Gottlieb highlighted a few projects that are already part of the INFORMED incubator:
- Collaborations with Project Data Sphere, a nonprofit open-access cancer data repository, aimed at developing algorithms for classification of tumor dynamics using medical imaging data.
- A joint fellowship program with the National Cancer Institute to design and develop digital biomarkers as drug development tools. This program stems from the need to school radiation oncologists on how they can harness the big data and emerging health technologies, according to the American Society for Radiation Oncology.
- A fellowship program with Harvard’s program in Therapeutic Science on AI and machine learning focused on designing, developing and implementing machine learning and artificial intelligence algorithms for regulatory science applications.
Digitizing pre-market safety report submission
An FDA assessment of its pre-market safety review process found that a big chunk of time, or 16 percent, was being devoted to managing paper-based premarket safety reports, either because they were not in a format that lent itself to being shared electronically or they were sent by fax.
“We found inefficiencies resulting from a disjointed, analog workflow,” Gottlieb said. An internal survey of the FDA’s office of hematology and oncology products revealed that reviewers spend an average of 16 percent of their time managing these paper-based premarket safety reports.

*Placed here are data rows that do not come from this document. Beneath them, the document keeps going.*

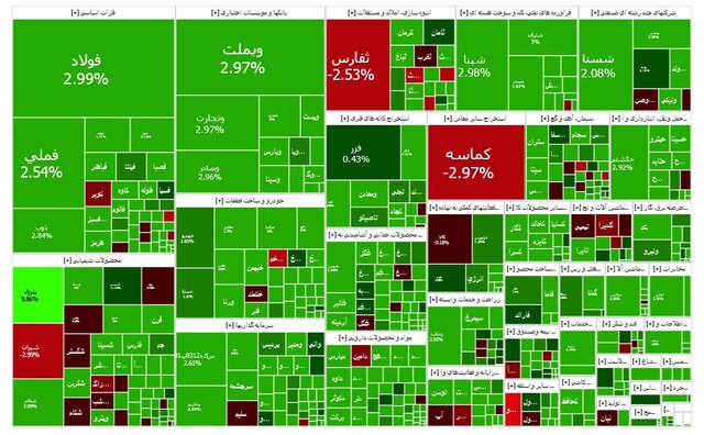 فولاد، فملی و فارس به ترتیب بیشترین تاثیر مثبت را بر شاخص بورس داشتند. از نمادهای پرتراکنش نیز میتوان به فولاد، کماسه و ذوب اشاره کرد.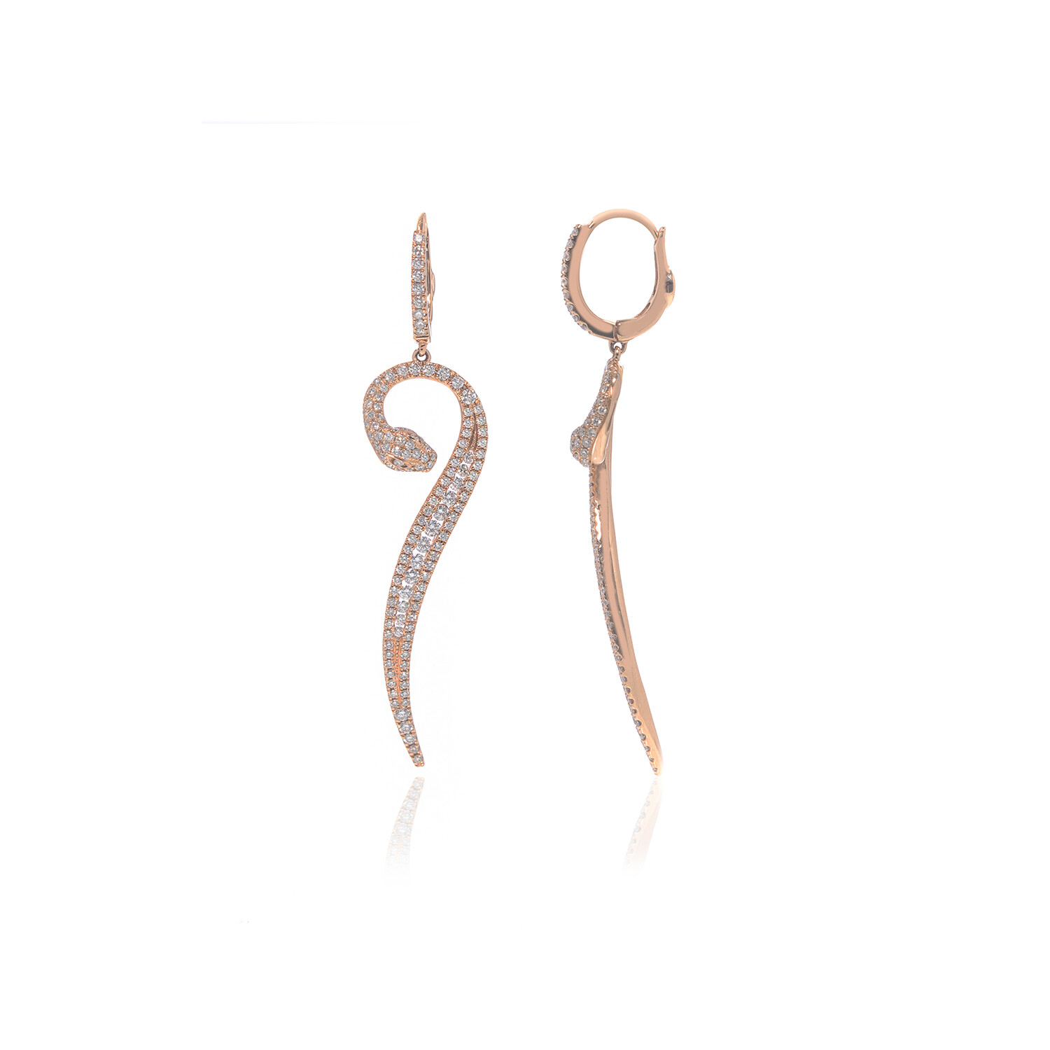 Roberto Coin 18k Rose Gold Snake Diamond Earrings // Store Display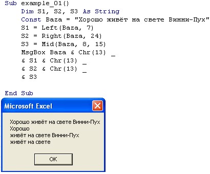 Иногда возникает необходимость разбиения строки на составляющие части. В VBA эту задачу решают три функции: Left, Right, Mid.
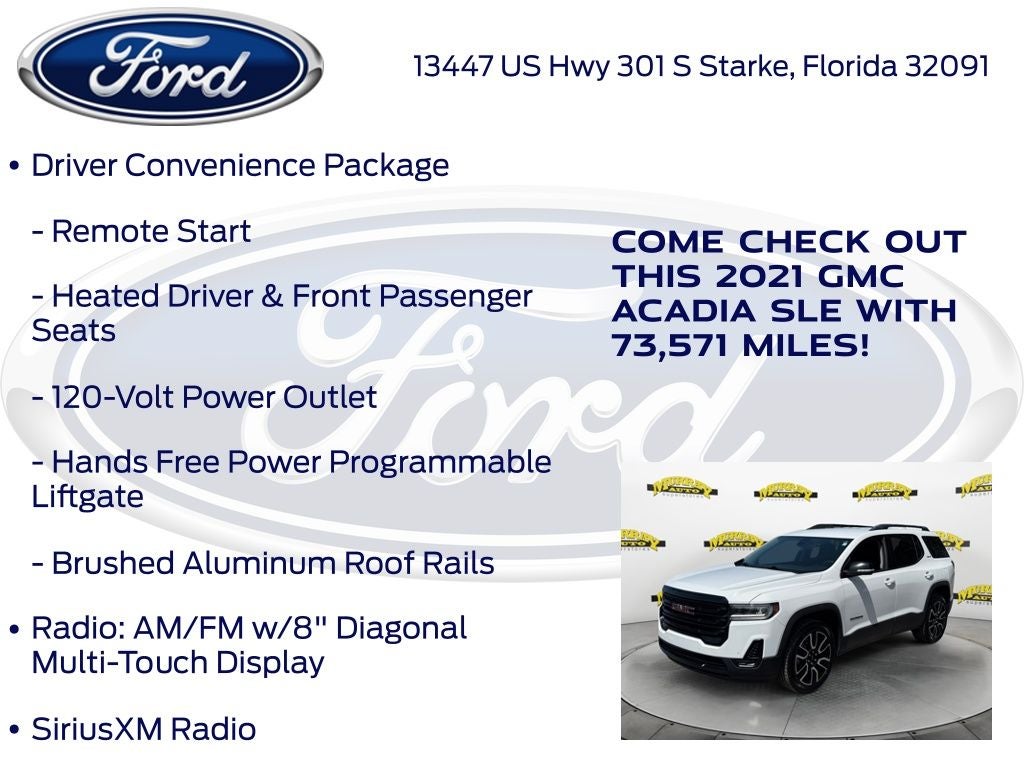 CARFAX One-Owner. Murray Ford Superstore of Starke is excited to offer this gorgeous-looking 2021 GMC Acadia in Summit White This vehicle is readily available and comes with the following Cargo Package (LPO) (Cargo Net and Retractable Cargo Shade), Driver Convenience Package (120-Volt Power Outlet, 8-Way Power Driver Seat Adjuster, Brushed Aluminum Roof Rails, Hands Free Power Programmable Liftgate, Heated Driver & Front Passenger Seats, Power Driver Lumbar Control Seat Adjuster, and Remote Start), Elevation Edition (20 Machined Aluminum Wheels and Gloss Black Roof Rails), Preferred Equipment Group 3SA, FWD, Jet Black Cloth, 155 Amp Alternator, 3.80 Final Drive Axle Ratio, 3rd row seats: split-bench, 4-Way Manual Driver Seat Adjuster, 4-Way Manual Passenger Seat Adjuster, 4-Wheel Disc Brakes, 6 Speakers, 6-Passenger (2-2-2 Seating Configuration), 6-Speaker Audio System Feature, ABS brakes, Air Conditioning, Alloy wheels, AM/FM radio: SiriusXM, Apple CarPlay/Android Auto, Automatic Emergency Braking, Automatic temperature control, Brake assist, Bumpers: body-color, Compass, Delay-off headlights, Driver door bin, Driver vanity mirror, Dual front impact airbags, Dual front side impact airbags, Electronic Stability Control, Emergency communication system: OnStar and GMC connected services capable, Following Distance Indicator, Forward Collision Alert, Four wheel independent suspension, Front & Rear Park Assist, Front anti-roll bar, Front Bucket Seats, Front Center Armrest, Front dual zone A/C, Front Pedestrian Braking, Front reading lights, Fully automatic headlights, Heated door mirrors, Illuminated entry, IntelliBeam Automatic High-Beam Headlamps, Knee airbag, Lane Keep Assist w/Lane Departure Warning, Low tire pressure warning, Occupant sensing airbag, Outside temperature display, Overhead airbag, Overhead console, Panic alarm, Passenger door bin, Passenger vanity mirror, Power door mirrors, Power steering, Power windows, Premium audio system: GMC Infotainment System, Premium Cloth Seat Trim, Radio data system, Radio: AM/FM w/8 Diagonal Multi-Touch Display, Rear air conditioning, Rear anti-roll bar, Rear reading lights, Rear window defroster, Rear window wiper, Remote keyless entry, Security system, SiriusXM Radio, Speed control, Speed-sensing steering, Spoiler, Steering wheel mounted audio controls, Tachometer, Telescoping steering wheel, Tilt steering wheel, Traction control, Trip computer, Turn signal indicator mirrors, Variably intermittent wipers, Voltmeter, Wheels: 18 Machined Aluminum w/Dark Accents, Wheels: 20 Machined Aluminum (DISC), and Wireless Apple CarPlay/Wireless Android Auto;

“Medical officers and clinical reviewers must review and track each report individually, reading thousands of narratives to understand the safety profile of investigational new drugs and biologics,” Gottlieb explained.

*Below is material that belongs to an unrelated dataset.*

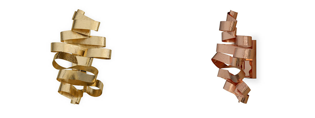 Пентхаус в Польше превратился в культовую интерпретацию стиля ар-деко. Черно-белые геометрические узоры на полу контрастируют с мягкими золотыми линиями мебели. Бра Chloe привносит теплую игру изгибов и поворотов в окружение монохромного глянца.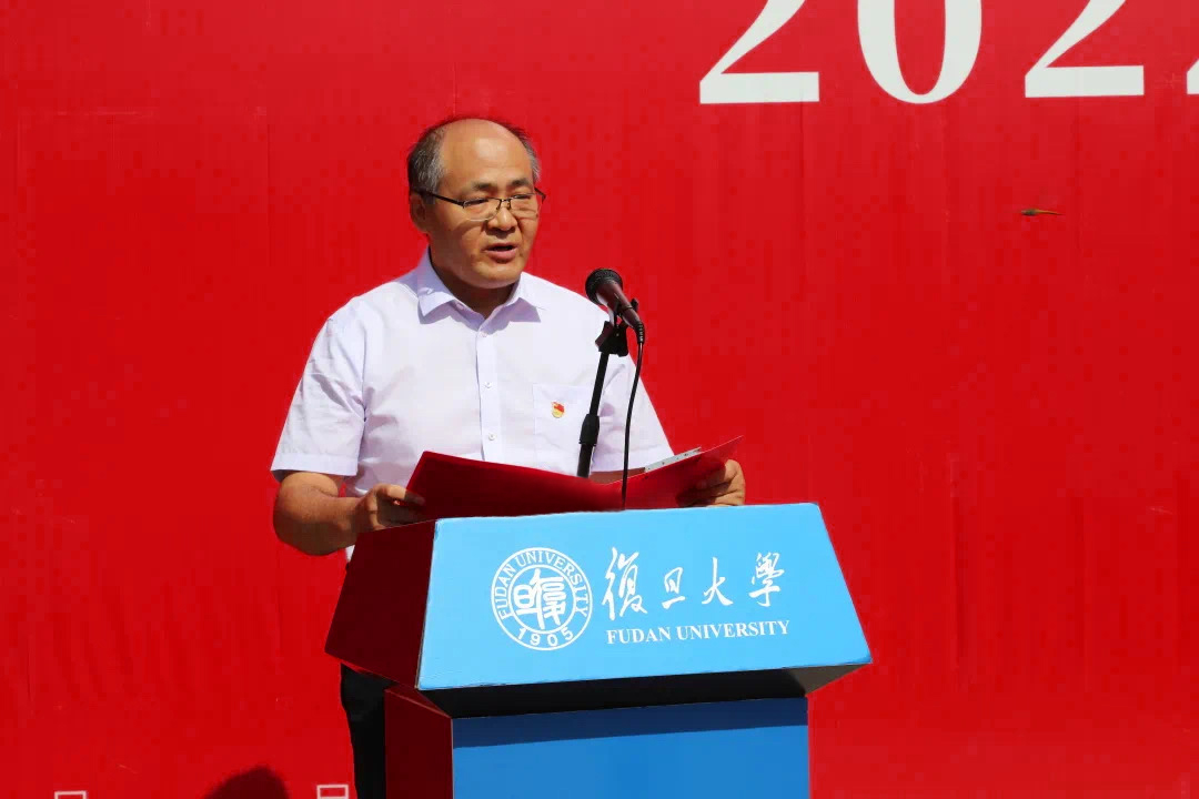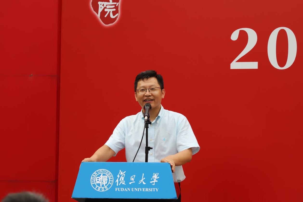 李冉院长代表学院热烈欢迎2023级新同学来到复旦马院,他希望同学们永远保持蓬勃与朝气,以良好的心态面对未来的学习生活;注重培养积累,“日码三百,奔腾千里”,只有不断积累,才能实现量变向质变的飞跃;坚定信心与信仰,将个人命运与国家命运相结合,为中国式现代化道路贡献青春力量。

Digital health and drug development
Gottlieb also indicated a policy framework is coming, once it gets user feedback on how best to regulate that will address how to regulate software that’s designed to be used with prescription drugs, pending public input on the right approach to incorporating software that’s designed to be used with prescription drugs.
He offered a few use cases to make his point. For example, software that can help cancer patients monitor side effects of their treatment with smartphone cameras and facial recognition software to objectively classify pain symptoms and track cognitive performance.
“In some cases, these tools might allow for safety and efficacy claims supported by data collected through software or sensors embedded in smart devices – like increased activity, improved mood, or greater social interactions for patients treated for severe depression,” Gottlieb said.
Pre-Certification program:
Gottlieb also shared a progress report on the Pre-Certification pilot program launched last year. An initial first draft of its working model will be made available along with suggestions on how to expand it. It marks the first, high-level draft of the program.
The goal is to verify the safety, effectiveness, and performance of software as a medical device and reduce the need for unnecessary resubmissions of applications when technology products have initially cleared the clearance process.
“The critical piece we need moving forward is input from developers, patients, providers, and members of the public,” he said
Gottlieb noted that the FDA plans to roll out a first version of the program by the end of 2018 before it is further refined next year.